The specter of higher rates as implied by Fed’s hawkish posture accompanied by a seeming attempt to unwind Fed’s bloated balance sheet led to a renewed strength in the dollar and declining gold prices. Odds of a Fed rate hike by December rose to about 70%, up from less than 30% a month ago. Markets perceived a remarkable shift in political focus in Washington from the hapless health- care overhaul to more growthfriendly issues like tax cuts and reforms aggravated pressure on gold prices. The backdrop of rising geopolitical tension didn’t prove enough to stall the decline in gold prices. Gold prices ended the month below the psychological $1300 an ounce mark at $1280, a decline of 3.1% for the month.

A risk-on environment as well as a high probability that the Federal Reserve will implement one last interest rate hike for this year have weighed heavily on the price of gold. The signal that an interest-rate hike in December was probable and less impactful than the overall tone which suggested that the Fed would raise three additional times in 2018. Fed’s hawkishness is largely relating to the urgency related to normalize monetary policy as opposed to the presence of an ideal economic backdrop. Yellen said that it would be imprudent to leave rates on hold until inflation reaches 2% this year. She also admitted that the Fed may have misjudged the recovery but insisted that rate hikes were coming and that gradually raising interest rates is the most appropriate policy approach amid higher uncertainty about inflation.

Federal Reserve also announced the initiation of their process to liquidate the massive $4.5 trillion balance sheet starting October, with the initial liquidation of $10 billion.
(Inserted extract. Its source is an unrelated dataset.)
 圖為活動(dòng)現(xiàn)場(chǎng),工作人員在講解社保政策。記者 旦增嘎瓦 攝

The great unwinding contains uncertainty. Never in the history of the Federal Reserve have they acquired such a massive balance sheet, nor have they moved towards a process of liquidating that balance sheet.
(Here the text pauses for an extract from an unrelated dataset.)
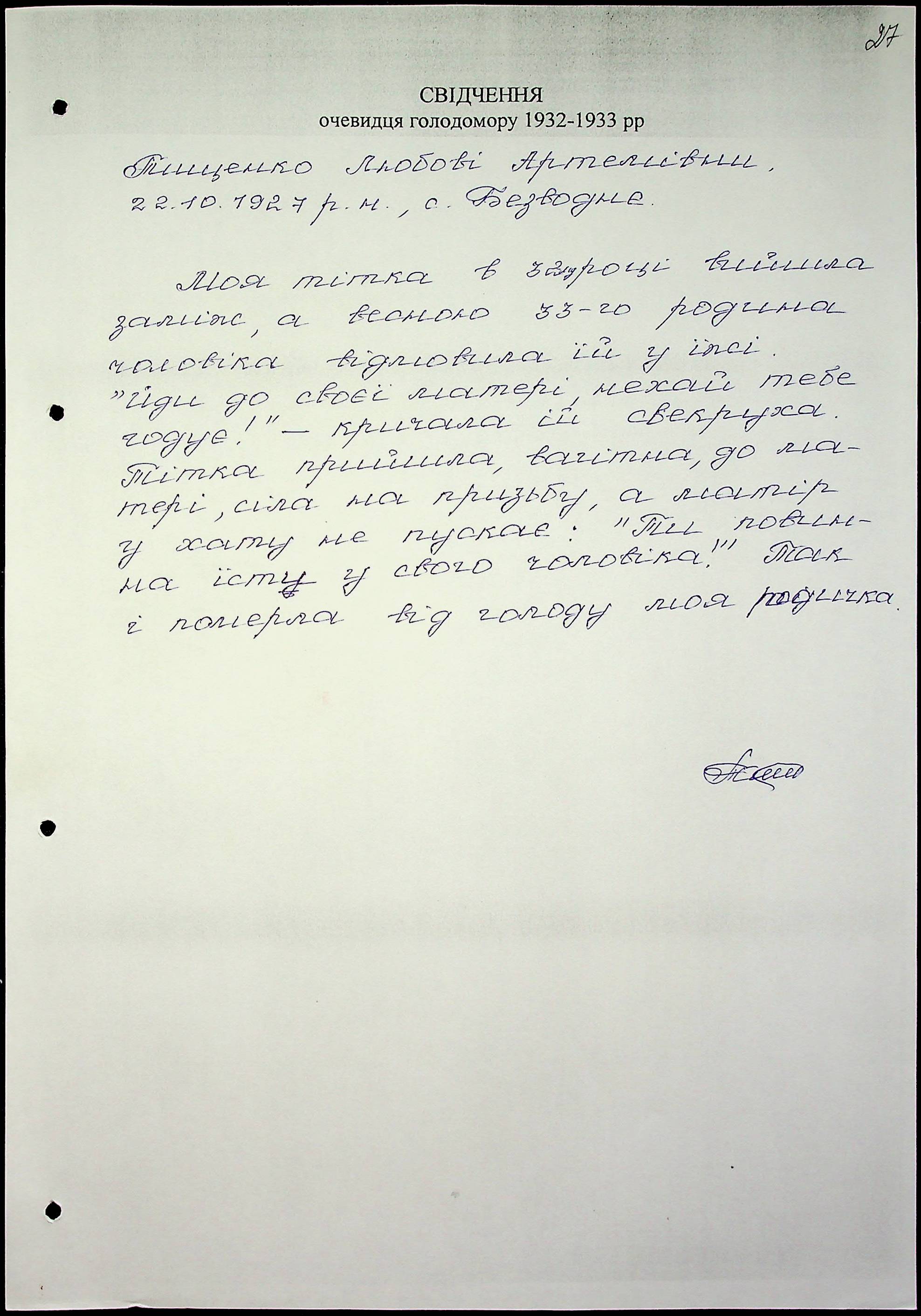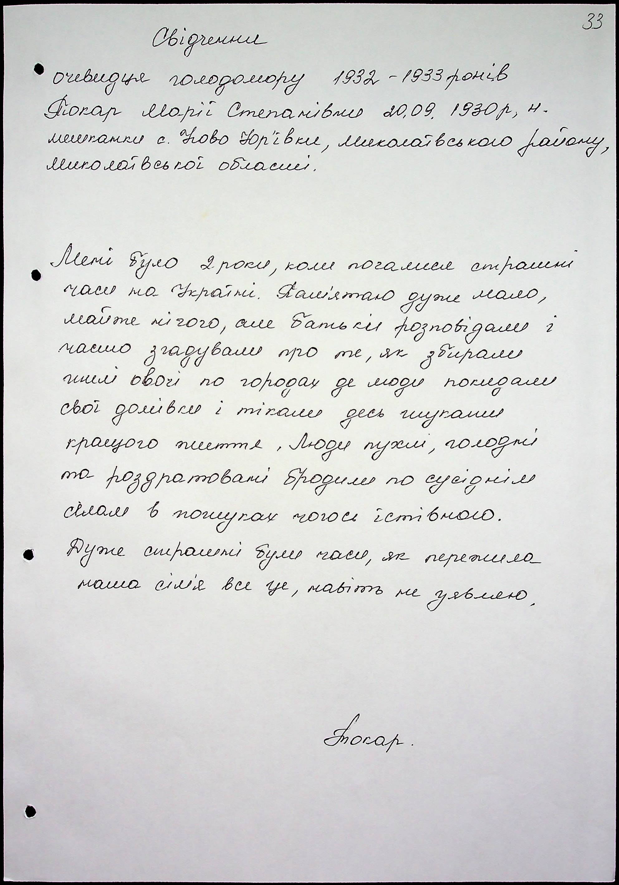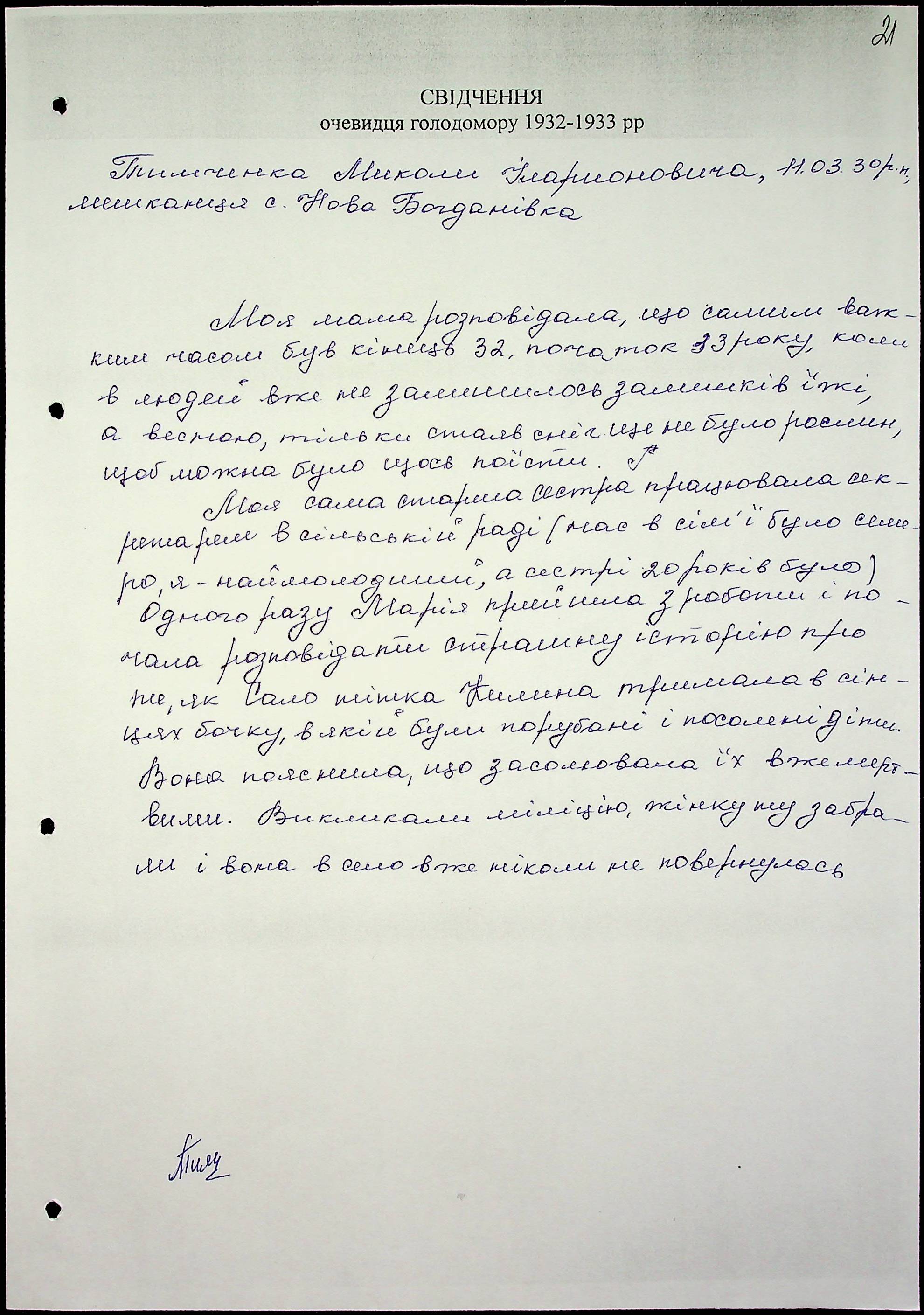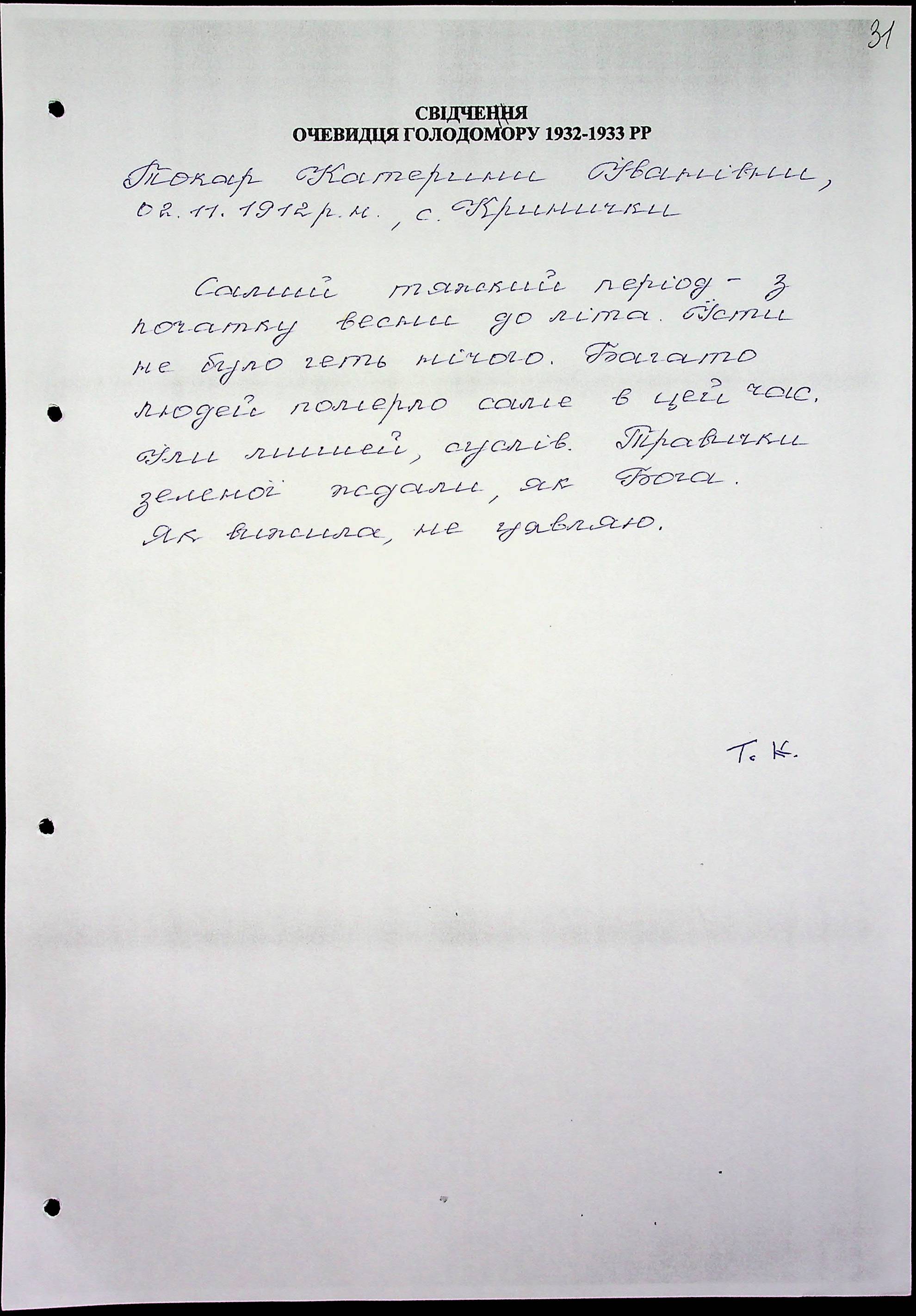• • • • Справа № 51 “Свідчення очевидців Голодомору 1932-1933 років, які проживають у Миколаївському районі, з прізвищами на літери Т–Я”

In as much as the tension between North Korea and the United States has escalated to a new level, it is still for the most part based upon threats and rhetoric from both sides. Yellen’s hawkish comments overshadowed the earlier heated North Korean war of words.



As the Fed prepares to shrink its $4.5 trillion balance sheet from October, the bank could also lower its prediction for the pace of further rate hikes as price increases stay muted. The fact that the Fed members lowered their forecast for their own future Fed funds rate indicates that the Fed may again kind of undershoot what they’re predicting they’re going to do for rates. The intent may be there but it will remain data dependent and there is no certainty that U.S. economic growth can sustain that level of tightening. Unexpected decline in August retail sales raised concern over the economy’s strength. The August decline in sales and downward revisions to the prior months make it more likely that consumption, the biggest part of the economy, will be hard-pressed to match the 3.3% growth pace of the prior quarter. The Fed’s Beige Book report also revealed that the majority of districts reported limited wage pressures and modest to moderate wage growth. Federal Reserve Governor Lael Brainard’s comments also reflected a similar sentiment who said that the U.S. central bank needs to pay careful attention to underlying inflation before raising rates again, as longer-run price pressure trends appear to be lower.
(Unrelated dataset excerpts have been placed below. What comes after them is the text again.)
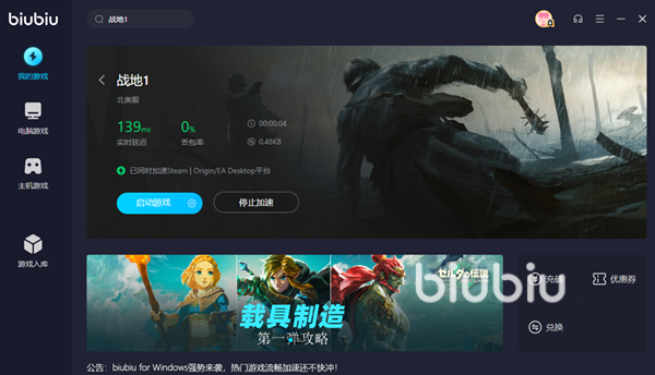 这款工具使用了业界顶尖的游戏加速技术,能够帮助大家提升网络连接速度,而且支持的游戏也十分全。进入软件之后大家可以在左侧看到区分了电脑游戏和主机游戏的库,针对不同的玩家带来别样的服务。更加令人惊喜的是,大家会发现biubiu加速热门的主机游戏都是不收费的,其实有一些国服游戏也是可以免费加速,不得不说真的太良心了。大家在软件中搜索战地1的话,就可以看到囊括了目前推出的所有版本,而且也带有系列的其他热门作品可以加速。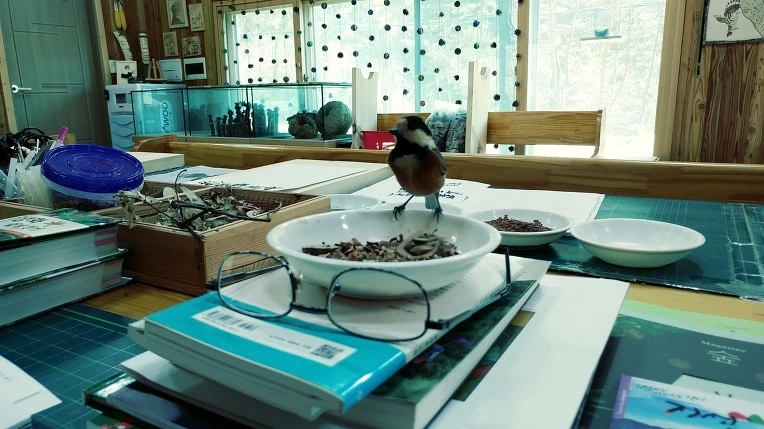 "여보셔요! 제가 작년에 잃어버린 그 새끼새 곤줄박이예요!"라며 눈물을 흘리며 늙은 새를 흔들었지요.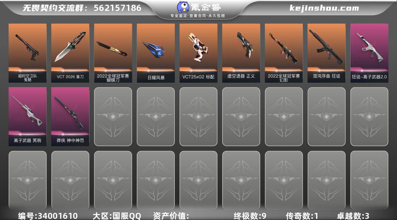 【套装】:2022全球冠军赛套装,VCT 2026 赛季套装 【英雄】:炼狱,维斯,暮蝶,壹决,铁臂,捷风,不死鸟,贤者,猎枭,芮娜,尚勃勒,霓虹,斯凯,夜露,K/O,盖可,黑梦 【近战武器】:近战武器-2022全球冠军赛 蝴蝶刀,近战武器-VCT 2026 篆刀,近战武器-紫金爪刀,近战武器-日耀风暴 遗器 【狂徒】:狂徒-混沌序曲,狂徒-离子武器//2.0 【幻影】:幻影-2022全球冠军赛 【冥驹】:冥驹-离子武器 【莽侠】:莽侠-神中神罚 【VCT手枪】:标配-VCT25 x G2 【正义】:正义-虚空遗器 【鬼魅】:鬼魅-超时空卫队 【狂怒】:狂怒-蒙太奇 【卡面】:无畏契约:暮蝶 卡面,热舞环节 卡面,树懒大作战 卡面,Clutch 卡面,无畏契约GO!第一卷:芮娜 卡面,无畏契约GO!第一卷:零 卡面,无垠星环 卡面,《双城之战》金克丝 卡面,代号红色 卡面,新兵报到 卡面,V契约 卡面,无畏契约 卡面 【喷漆】:伤心心 喷漆,喜欢哪种毒? 喷漆,VCT x G2 喷漆,买装还是存钱 喷漆,无畏契约GO!第一卷:零 喷漆,暴走萝莉 喷漆,放下武器 喷漆,胜利属于无畏契约 喷漆,GLHF 喷漆,无畏契约 喷漆 【挂饰】:V25第三幕:超凡 挂饰,瞬云履 挂饰,薰衣草之心 挂饰,动力机箱 挂饰,VCT x G2 挂...

Gold could quickly recover from its recent slide as the Federal Reserve may raise interest rates less than forecast because of low inflation and also there lies high probability for U.S. tax reforms to disappoint, while global political risks abound. Tax cuts and infrastructure spending do help boost the economy. However, this requires huge funding and the more relevant question is that where is the money coming from? It’s premised on hope. Let’s spend now and the resulting growth will pay the bills later. The deficit will balloon, and if the Fed raises rates, it will create higher borrowing costs to service the growing deficit and in no time the dollar will come under pressure. In conclusion, U.S. fiscal policy represents the biggest upside risk for gold and all the more when other central banks are looking to join the monetary policy tightening bandwagon.

Given the current macroeconomic scenario, we expect downsides in gold to be capped and prices to move up gradually albeit with increased volatility. We reiterate that the real positive trigger for gold would be when market expects Fed to be unable to normalize monetary policy and see it reverse its course at first signs of crisis.

The world is in great disequilibrium, both with respect to the global economy and geopolitics as well. The fallout of the geopolitics globally seems to now cap the downsides in gold. Given the macro backdrop, gold will be a useful portfolio diversification tool and thereby helping you to reduce overall portfolio risk.